I think the biggest impact was when a good friend of mine one day, as if from nowhere , said he no longer wanted to hang out with me . He thought it was tedious to have to spend time with someone who for years has been subjected to bullying by older students at the school . And when it was also time for us to be upgraded to high school was it apparently even more relevant to actually get the relationship we had on a wider distance, even if we were studying in the same class those next four years.
After this event, I can now see a slow but sure fall in my social skills. I had more difficult to dare to make contact with new acquaintances , even though we seemed to have much in common. Daring to trust new people suddenly became much more difficult . Something I had not experienced before, at all. I used to be a very open person who cared about everyone in his presence, who always gave the new people more chances to make their first impression.
It affected not only relations with new friends, but also how to handle strong emotions such as love.
Daring to show that I liked another girl a lot had not been a huge problem before. Sure, I was not always straightforward, but I dared to always give subtle clues that I was really interested in that person.
But it also went down, in a much higher rate than you might think.

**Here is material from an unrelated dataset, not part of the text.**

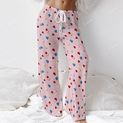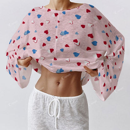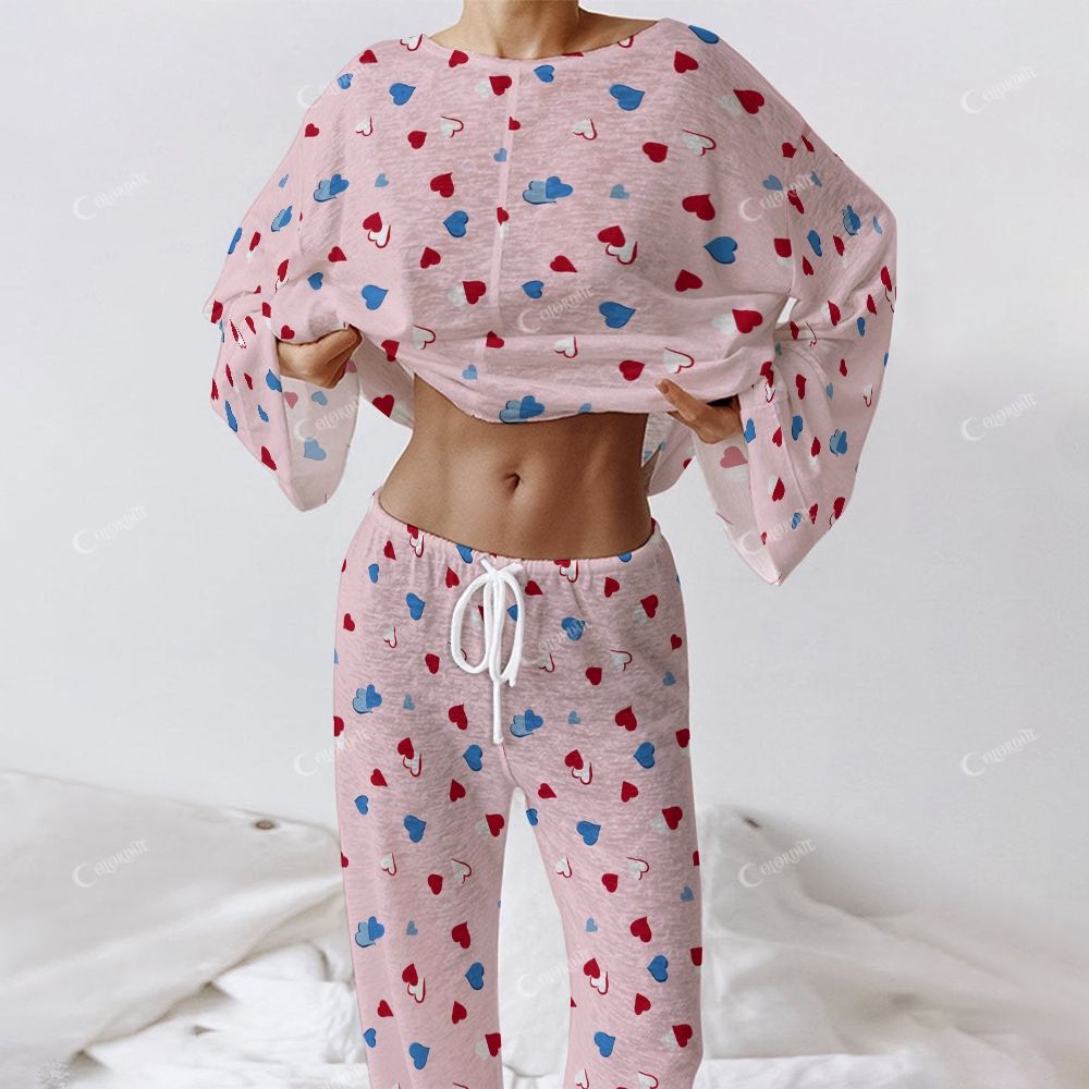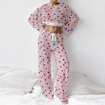 Colordate Women's Heart Print Long Sleeve Cotton Homewear Set

What really made the most painful about the love in my early teens was when a girl I was interested in for a longer period of time found out that I was in love with her. She began to also give me subtle signals back.
One day she began to send little notes in class, and put finely written letters in my locker.

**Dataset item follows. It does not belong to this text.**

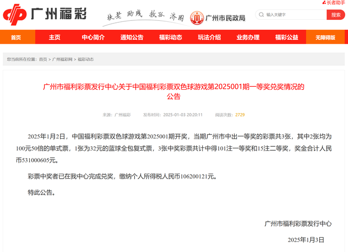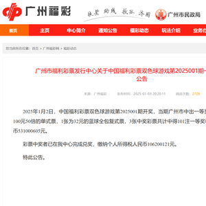 据广州福彩网,1月3日,广州市福利彩票发行中心发布公告称: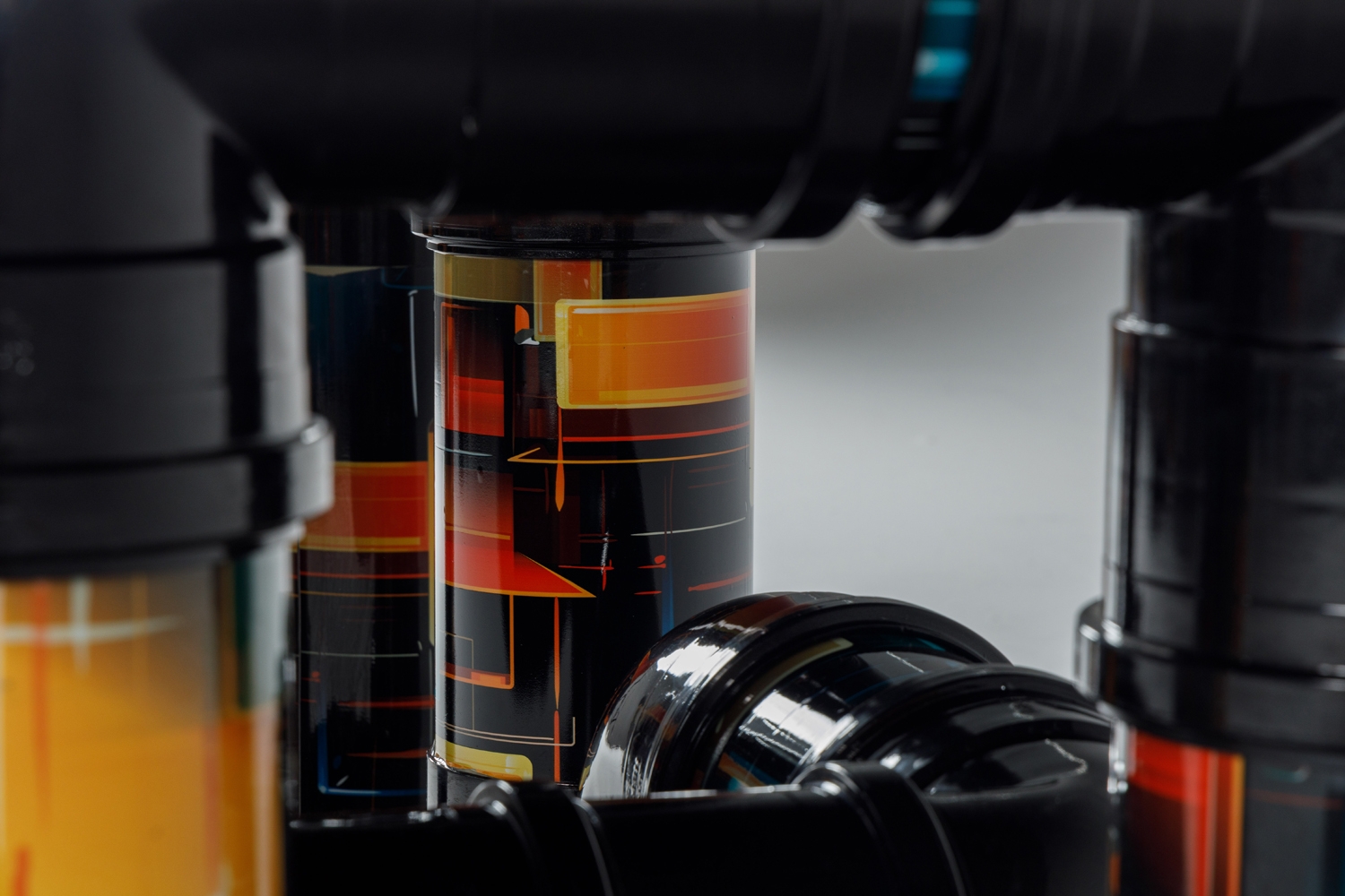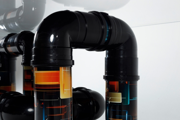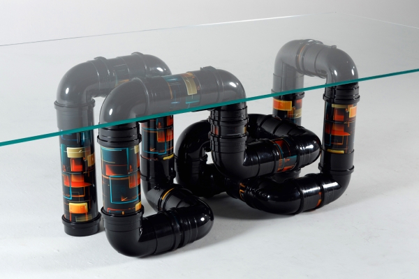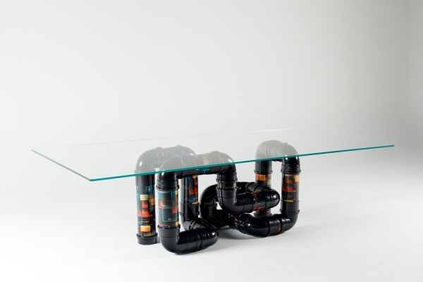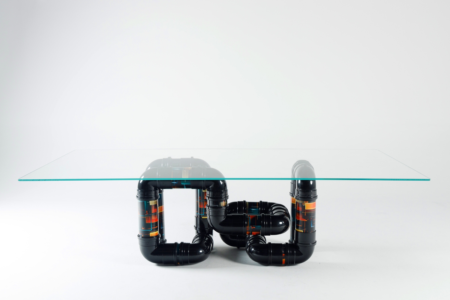 Taking a raw material that is part of our daily lives out of context was the starting point for creating the Conexão 08 dining table. Its base, which supports a 2.60m by 1.30m glass top weighing around 140 kg, has a challenging and curious design that moves sinuously from one side of the piece to the other, provoking the observer in a playful way. With ergonomics as a premise, the table was built with oversized PVC Pipes and Pipe Fittings with vehicle wrapping, after several experiments to ensure that its structure and resistance has the stability necessary for its functional use.

I answered of course her messages, in the belief that everything that was written staid between her and me.
As you may have already figured out by now is that she shared the details with others. Too many other people. In the end, everybody knew what was going on, and what had been written by her was more or less just a very entertaining game with my emotions at stake. Nevertheless, she was rather kind to me afterwards, but her way of humiliating me in front of large parts of my classmates took a hard beat on my heart, and even more so on my mind.
When it was time to start high school, my social skills hade fallen so close to the bottom I've ever been. I was very difficult to deal with , and it was clear how people didn't really know how they should behave around me. Nevertheless, I was given a lot of new opportunities from some individuals who seemed to have some interst in getting to know me better. It took over a year, almost two years before I felt reasonably comfortable with my newfound friends.
I'm still amazed at how these amazing people even could deal with me, how they actually held out for me to improve myself.
Just the fact that when I almost dropped out of school during the last semester, they I asked me to at least participate in the exam events.
I'm still after all these years very greatful to all of those of stood up for me back then. Without them my life could have ended or at least been a lot worse than it is as of today.